Ischemia‐Induced Changes in Extracellular Lévels of Striatal Cyclic AMP: Role of Dopamine Neurotransmission

Abstract

Dopamine has been demonstrated to be involved in the development of ischemic neuronal damage in the striatum. This detrimental effect of dopamine may involve activation of second messenger systems, such as the cyclic AMP (cAMP) cascade, which may enhance the susceptibility of striatal neurons to ischemia. In the present study, we have evaluated the relationship between ischemia‐induced changes in cAMP and dopamine neurotransmission. Microdialysis probes were implanted in both striata, and a D₁ antagonist (SCH‐23390, 100 μM) was administered through one probe and modified Ringer's solution through the other. After a stabilization period, rats (n = 6) were subjected to 20 min of ischemia by two‐vessel occlusion plus hypotension. Extracellular samples were collected from both striata, before, during, and after ischemia, and analyzed for cAMP by radioimmunoassay.

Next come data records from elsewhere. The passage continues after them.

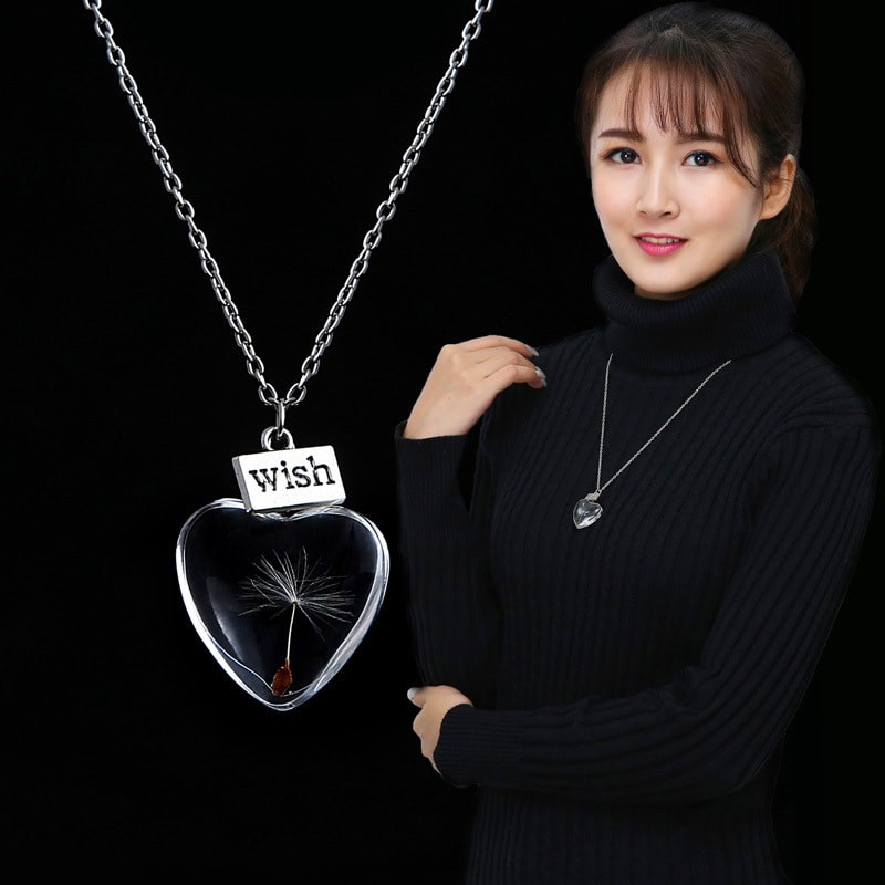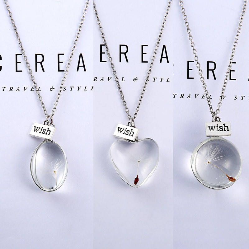 Giới thiệu Vòng cổ dây chuyển mặt thủy tinh hoa bồ công anh tự nhiên dễ phối trang phục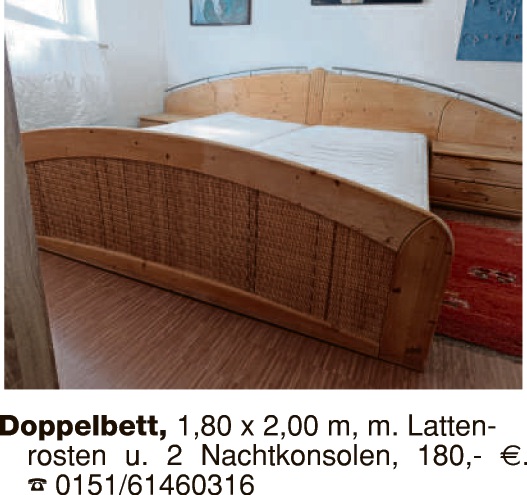 Neuwertiges Jugendbett, helles Holz mit Nachtkästchen, 1,80×2 m, inkl. Lattenrost und Matratze, sehr gut erhalten, bei Selbstabh. AM 140,-Euro Tel. 09621/63362 oder 0176/61410181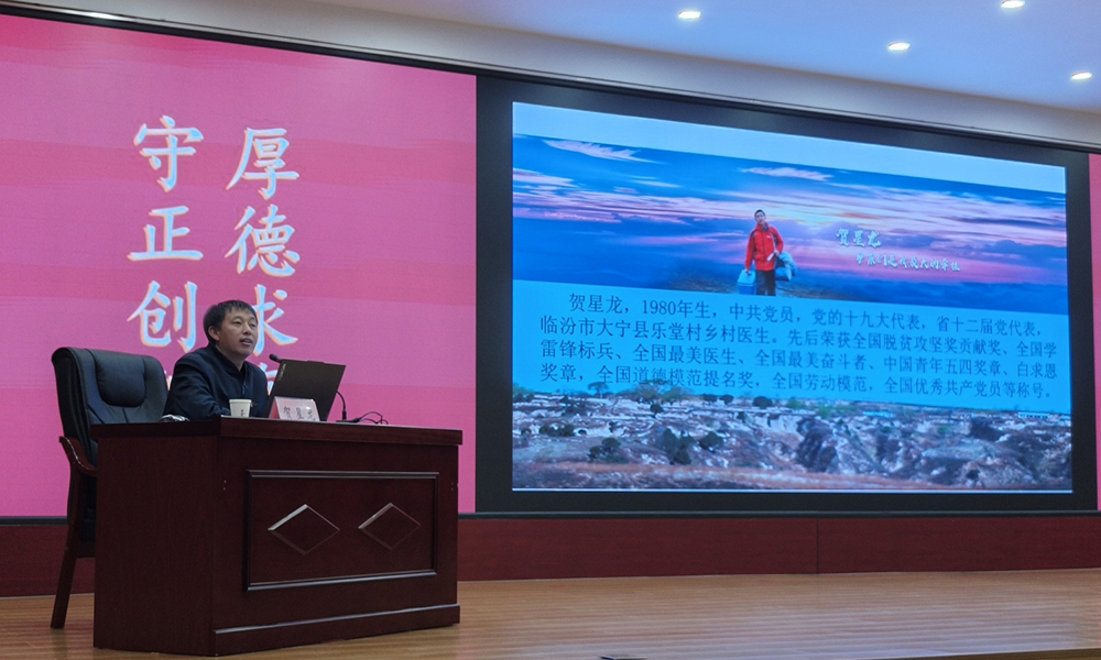 本次报告会特邀党的十九大代表、省十二届党代表、临汾市大宁县乐堂村全国最美乡村医生贺星龙作专题分享。他以摩托为舟、以山路为途、以药箱为责、以人民为亲,奔波在崎岖山道上,连夜出诊救急、免费诊疗帮扶困难群众,日夜守护危重患者,二十余年如一日,用坚守与仁心守护28个村庄4600余名村民的生命健康,以实际行动践行医者仁心与党员初心。

Ischemia induced a significant increase in extracellular cAMP (means ± SE, fmol/μl; baseline: 4.35 ± 1.1, ischemia: 12.2 ± 1.98), which was also observed at 4 h of recirculation (mean level of 8.45 ±1.14). Treatment with the D₁ antagonist significantly inhibited the rise in extracellular cAMP during ischemia and recirculation. These results indicate that an ischemia‐induced surge in dopamine and activation of D₁ receptors are involved in the generation of cAMP during ischemia and recirculation. Because activation of the adenylate cyclase cascade may modulate the effects of glutamate, generation of cAMP through this pathway may play a role in facilitating the injurious effects of dopamine during ischemia.